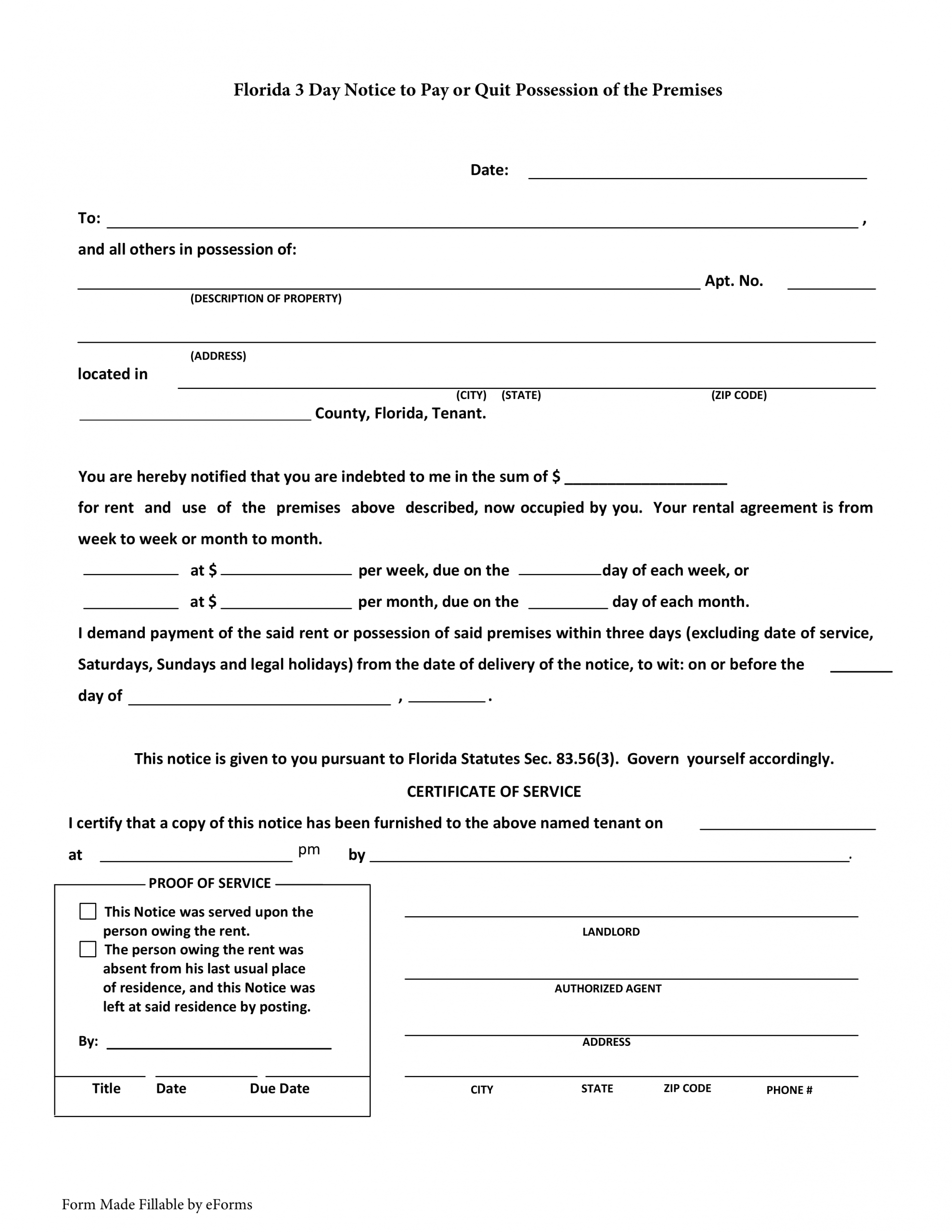 that has accrued, the last day they have to pay that overdue rent, your name and address, the place where they should make payment, the tenant’s name and address, and whether the notice was posted, hand delivered, or sent by certified mail.
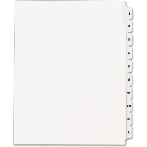 Avery Side Tab Index Divider, Printed I to X, 8.5"x11", 10 Tabs, White/White
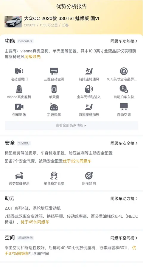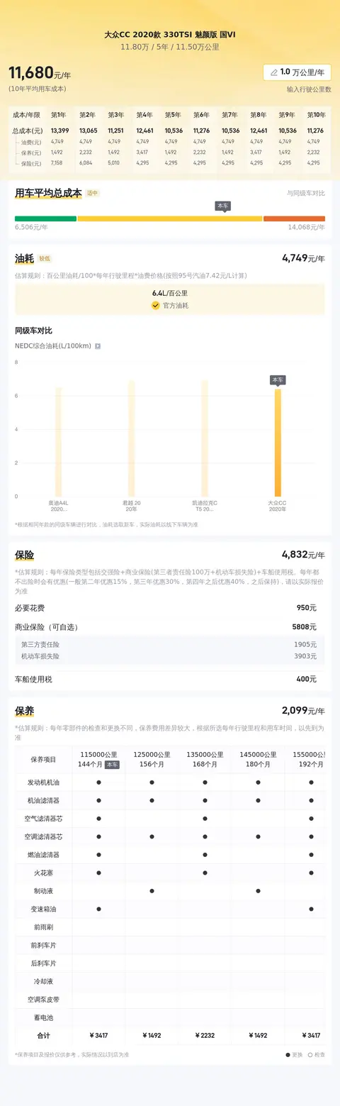 据估算,同级车的最低用车成本是8610元/年,最高是15473元/年,大众CC 2020款 330TSI 魅颜版 国VI是12267元/年,用车成本不算低。
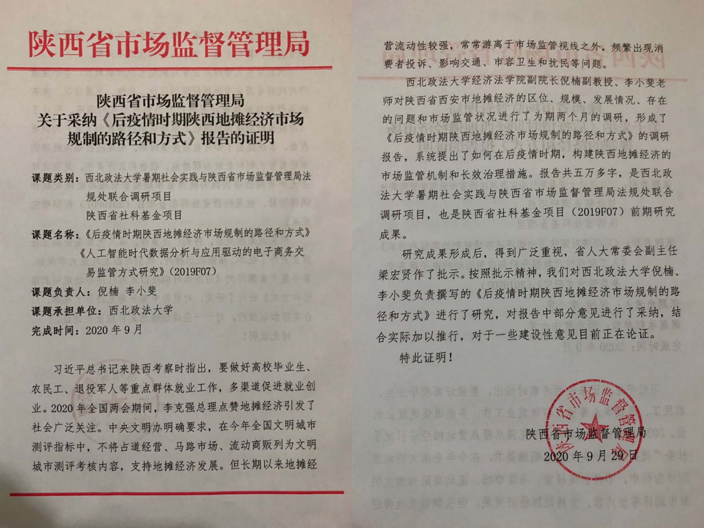 “三下乡”暑期社会实践队发来《后疫情时期陕西地摊经济法市场规制的路径和方式》报告的采纳证明,该调研报告经省人大常委会副主任梁宏贤批示,陕西省市场监督管理局经过研究,对报告中部分意见进行了采纳,将结合实际加以推广。有爱爱
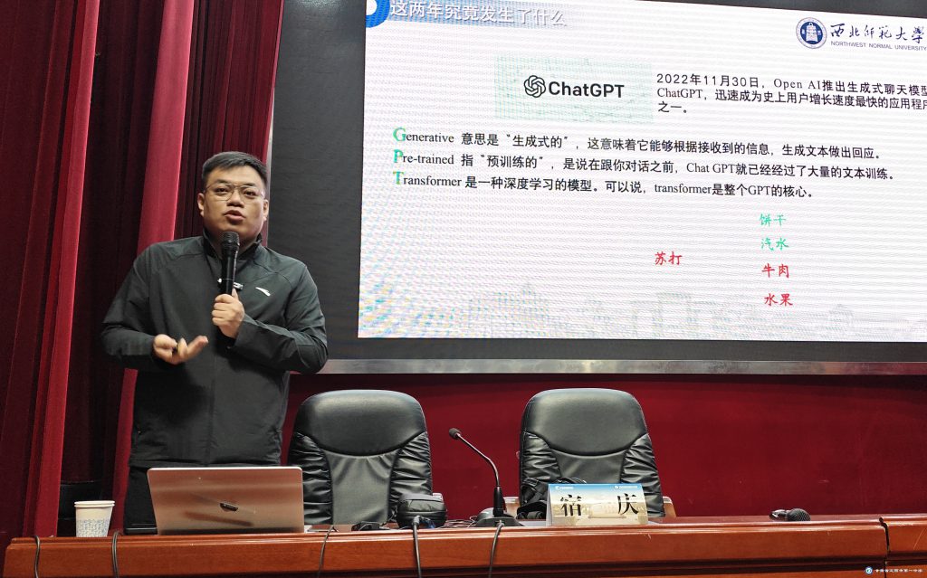 25日上午,西北師范大學(xué)教育技術(shù)學(xué)院副院長宿慶以《理性認識,合理利用——Deepsesk(深度探索)人工智能教育應(yīng)用》為題,深度講解Deepsesk這一技術(shù)載體與教育發(fā)展的相互作用和有益借鑒,內(nèi)容新穎、實用性強。
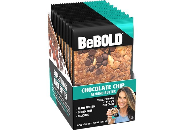 BeBOLD energy bars was started by Stacy Madison, Founder of Stacy's Pita Chips. They are delicious energy bars made of nut butters, nuts, oats, maple, wildflower honey and chia. All we do is MIX, PRESS, PACK and CHILL. There are 2 flavors: Almond… BeBOLD energy bars was started by Stacy Madison, Founder of Stacy's Pita Chips. They are delicious energy bars made of nut butters, nuts, oats, maple, wildflower honey and chia. All we do is MIX, PRESS, PACK and CHILL. There are 2 flavors: Almond Butter and Peanut Butter with additional flavors coming soon! They are PLANT BASED, gluten free, dairy free, Kosher and 18 grams of whole grain. Our bars are made of wholesome ingredients. For us to maintain the best texture and flavor, we store refrigerated or frozen, but you can keep them with you ‘on the go’ for 2 weeks.
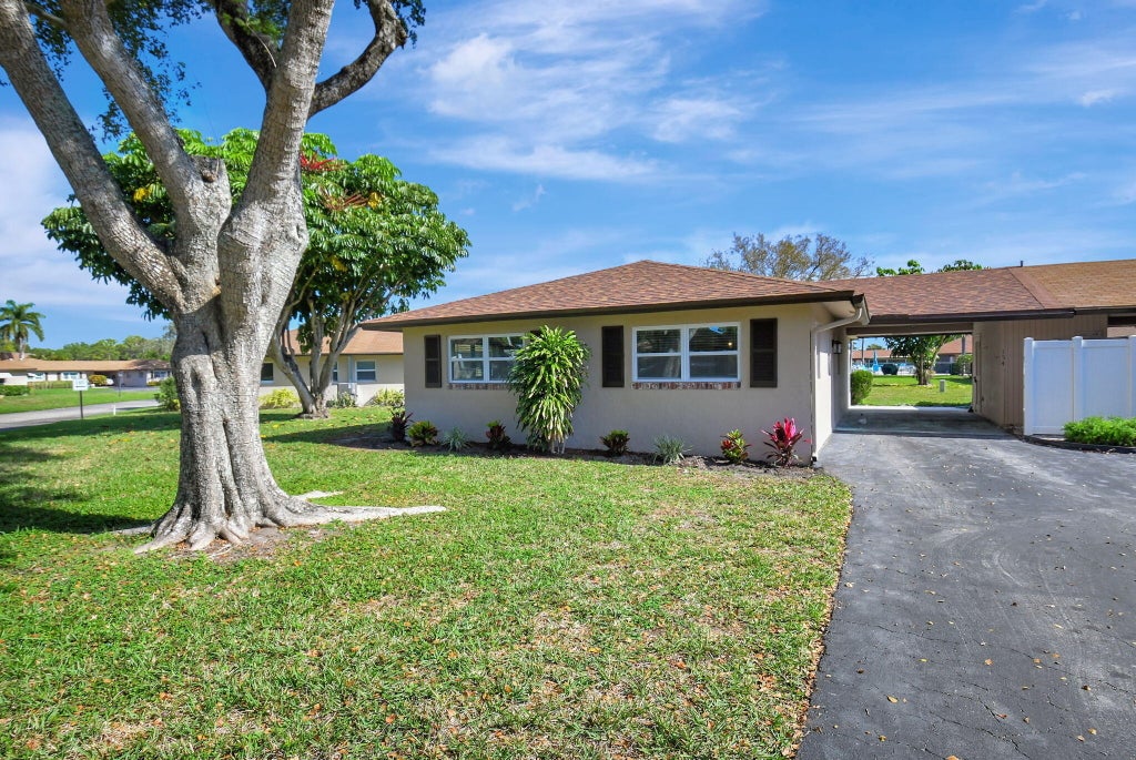 STUNNING FULLY UPDATED 2BR and 2 1/2 BA Villa in 55+ Country Manors - located a few minutes from Downtown Delray and the Beaches! Fabulous kitchen features brand new Stainless Appliances, Quartz Counters, White Shaker Cabinets, and Over Range Hood with added Pot Filler Faucet! Top finishes throughout! New flooring is a neutral vinyl luxury plank. Both bedrooms have attached baths with a guest powder room in the living area. Enclosed patio is tiled with new windows/screens (and A/C for the summer days). Sip on your morning coffee while enjoying a view of the gardens and pool! Complete Impact Windows. New Roof, New Electric Panel and New HWH! Features an attached carport with a large storage room and a New W/D. Carport beautifully refinished with stamped concrete!
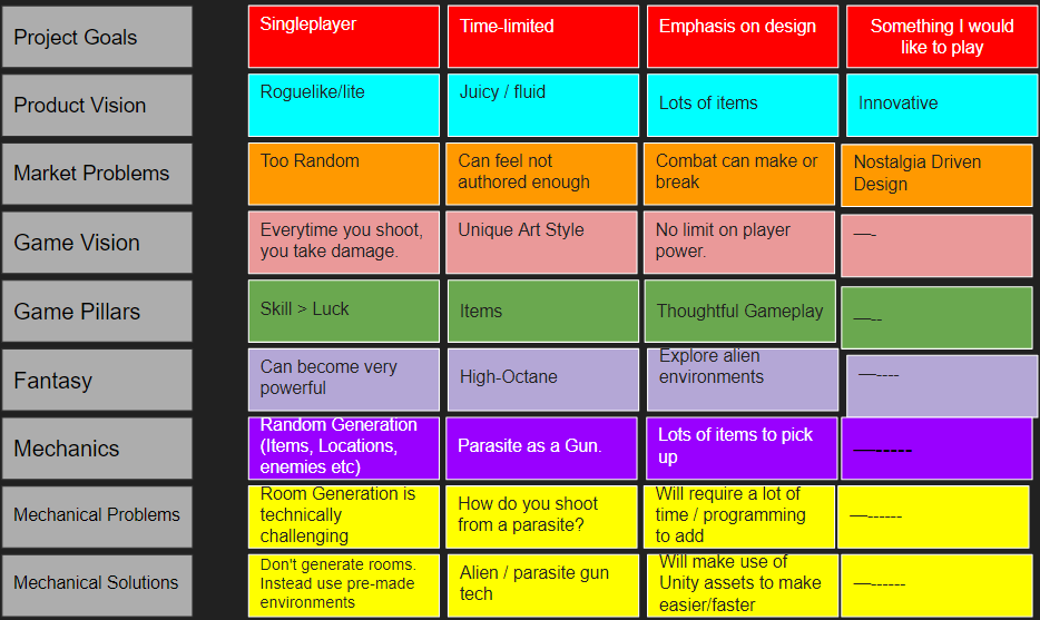 Due to this being a portfolio piece, it was important that the game highlighted my design abilities. One of the best ways that I can do this is by making the game as juicy as possible. The other best way that I can do this is by making the game have a twist on the genre and therefore I had to come up with a unique element that would be fun and interesting.
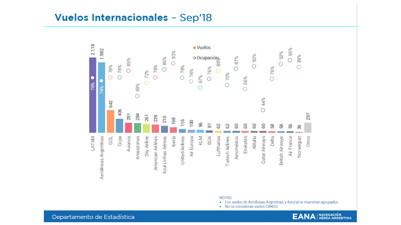 En el plano Internacional el grupo Aerolíneas Argentinas (Aerolíneas Argentinas + Austral) presenta un factor de ocupación del 76% esto significa un 6% menos con respecto al período anterior y su cuota de mercado es del 22% un 3% menos en relación con el año 2017. LATAM presentó un factor de ocupación del 78% esto es un 6% menos con el período anterior y su cuota de mercado es del 26% un 2% menos con relación al período anterior. GOL Líneas Aéreas presentó un factor de ocupación del 78% no presenta variaciones con respecto al período anterior a lo igual que su cuota de mercado. Copa Airlines por su parte alcanzó un 78% de factor de ocupación esto significó un 8% menos en igual período año anterior y su cuota de mercado alcanzó un 4% esto significó un alza del 1% en igual período. Amaszonas alcanzó un 59% de factor de ocupación un 3% menos y su cuota de mercado se mantuvo estable en un 1%. Avianca alcanzó un factor de ocupación del 85% un 2% menos si tomamos igual período año anterior y su cuota de mercado subió un 1% alcanzando el 4%.

--------

- _Work request_: Write out the whole listing verbatim, images excluded.

- _Your response_:
 that has accrued, the last day they have to pay that overdue rent, your name and address, the place where they should make payment, the tenant’s name and address, and whether the notice was posted, hand delivered, or sent by certified mail.
 Avery Side Tab Index Divider, Printed I to X, 8.5"x11", 10 Tabs, White/White
 据估算,同级车的最低用车成本是8610元/年,最高是15473元/年,大众CC 2020款 330TSI 魅颜版 国VI是12267元/年,用车成本不算低。
 “三下乡”暑期社会实践队发来《后疫情时期陕西地摊经济法市场规制的路径和方式》报告的采纳证明,该调研报告经省人大常委会副主任梁宏贤批示,陕西省市场监督管理局经过研究,对报告中部分意见进行了采纳,将结合实际加以推广。有爱爱
 25日上午,西北師范大學(xué)教育技術(shù)學(xué)院副院長宿慶以《理性認識,合理利用——Deepsesk(深度探索)人工智能教育應(yīng)用》為題,深度講解Deepsesk這一技術(shù)載體與教育發(fā)展的相互作用和有益借鑒,內(nèi)容新穎、實用性強。
 BeBOLD energy bars was started by Stacy Madison, Founder of Stacy's Pita Chips. They are delicious energy bars made of nut butters, nuts, oats, maple, wildflower honey and chia. All we do is MIX, PRESS, PACK and CHILL. There are 2 flavors: Almond… BeBOLD energy bars was started by Stacy Madison, Founder of Stacy's Pita Chips. They are delicious energy bars made of nut butters, nuts, oats, maple, wildflower honey and chia. All we do is MIX, PRESS, PACK and CHILL. There are 2 flavors: Almond Butter and Peanut Butter with additional flavors coming soon! They are PLANT BASED, gluten free, dairy free, Kosher and 18 grams of whole grain. Our bars are made of wholesome ingredients. For us to maintain the best texture and flavor, we store refrigerated or frozen, but you can keep them with you ‘on the go’ for 2 weeks.
 STUNNING FULLY UPDATED 2BR and 2 1/2 BA Villa in 55+ Country Manors - located a few minutes from Downtown Delray and the Beaches! Fabulous kitchen features brand new Stainless Appliances, Quartz Counters, White Shaker Cabinets, and Over Range Hood with added Pot Filler Faucet! Top finishes throughout! New flooring is a neutral vinyl luxury plank. Both bedrooms have attached baths with a guest powder room in the living area. Enclosed patio is tiled with new windows/screens (and A/C for the summer days). Sip on your morning coffee while enjoying a view of the gardens and pool! Complete Impact Windows. New Roof, New Electric Panel and New HWH! Features an attached carport with a large storage room and a New W/D. Carport beautifully refinished with stamped concrete!
 Due to this being a portfolio piece, it was important that the game highlighted my design abilities. One of the best ways that I can do this is by making the game as juicy as possible. The other best way that I can do this is by making the game have a twist on the genre and therefore I had to come up with a unique element that would be fun and interesting.
 En el plano Internacional el grupo Aerolíneas Argentinas (Aerolíneas Argentinas + Austral) presenta un factor de ocupación del 76% esto significa un 6% menos con respecto al período anterior y su cuota de mercado es del 22% un 3% menos en relación con el año 2017. LATAM presentó un factor de ocupación del 78% esto es un 6% menos con el período anterior y su cuota de mercado es del 26% un 2% menos con relación al período anterior. GOL Líneas Aéreas presentó un factor de ocupación del 78% no presenta variaciones con respecto al período anterior a lo igual que su cuota de mercado. Copa Airlines por su parte alcanzó un 78% de factor de ocupación esto significó un 8% menos en igual período año anterior y su cuota de mercado alcanzó un 4% esto significó un alza del 1% en igual período. Amaszonas alcanzó un 59% de factor de ocupación un 3% menos y su cuota de mercado se mantuvo estable en un 1%. Avianca alcanzó un factor de ocupación del 85% un 2% menos si tomamos igual período año anterior y su cuota de mercado subió un 1% alcanzando el 4%.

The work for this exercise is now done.